Terry Pembimbing Asrama

0
218

(Oleh: Latipah)

[Bandung, 7 Desember 2018] Terry Yuliana, seorang ASN di lingkungan Panti Sosial Bina Netra (PSBN) Wyata Guna yang berlokasi di Jln. Pajajaran 52 Bandung sudah 10 tahun menjadi pembimbing asrama Merak. Asrama Merak adalah salah-satu asrama dari beberapa asrama yang dimiliki oleh PSBN Wyata Guna. Di asrama-asrama inilah, PM (Penerima Manfaat, sebutan untuk siswa-siswi yang sedang menempuh pendidikan di PSBN Wyata Guna) bertempat tinggal. Ada 12 PM yang saat ini tinggal di asrama Merak.

Ibu dua anak ini mengaku tidak memiliki hambatan berarti dalam membimbing, mengawasi 12 anak-anak PM yang dibimbingnya. “Karakter 12 anak-anak itu sudah pasti berbeda-beda, itu yang menciptakan suka-duka menjadi pembimbing. Saya coba menyatukan antara keluarga saya, 2 anak saya dan suami serta 12 anak yang ada di asrama, dan efektif. Kami kemudian seperti sudah menjadi satu keluarga.” Demikian jelasnya ketika ditanya bagaimana cara membagi waktu untuk keluarga dan PM. Membangunkan salat subuh, mengawasi anak-anak melaksanakan jadwal piket harian, memastikan mereka makan 3 kali sehari adalah tugas sehari-hari ibu cantik ini. Selain itu, Terry dan 12 anak-anaknya (PM yang tinggal di asramanya) rutin menggelar sejenis pertemuan yang diadakan 1 bulan sekali. Pada pertemuan ini dibahas masalah-masalah internal asrama jika ada.

Hampir semua PM yang ada di asrama Merak adalah PM yang akan segera lulus. Untuk itu, dalam membimbing anak-anaknya, Tarry lebih suka memberikan kepercaayaan penuh dengan tetap mengawasinya.
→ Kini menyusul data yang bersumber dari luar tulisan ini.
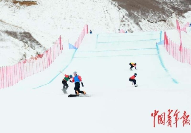 2月20日,單板滑雪公開組障礙追逐混合團體賽中,貴州隊王會楊率先沖過終點。中青報·中青網記者 石佳/攝

Setiap tahunnya, PM di asrama Merak akan berganti. Terry mengaku sedikit waswas menghadapi anak-anak yang baru akan tinggal di asramanya. Meski demikian, ibu ramah ini bersyukur karena setiap tahunnya dapat beradaptasi dengan cepat tanpa kendala. Hal tersebut karena Terry telah mengenal PM tersebut saat tinggal di asrama lain sebelum pindah ke asramanya.

“Pengalaman yang paling tidak dapat dilupakan selama menjadi pembimbing asrama adalah saat ada seorang anak yang sakit tengah malam. Anak itu muntah-muntah, saya panik. Terlebih saat itu saya baru menjadi pembimbing, jadi belum punya pengalaman banyak. Tapi Alhamdulillah, setelah dibawa ke klinik dan ditangani dokter, semuanya baik-baik saja.” katanya.

Sungguh tugas yang amat berat. Seorang ibu dua anak ini masih harus mengerjakan tugasnya di kantor sebagai staf, menjadi seorang istri, dan ibu bagi keluarganya, serta mengawasi dan melayani 12 anak-anak PM di asramanya. Namun demikian, dengan dedikasi tulusnya, hal yang berat tersebut menjadi ringan. Semoga mahkota kemuliaan senantiasa menyertai seorang Terry Yuliana, dan Terry yang lainnya.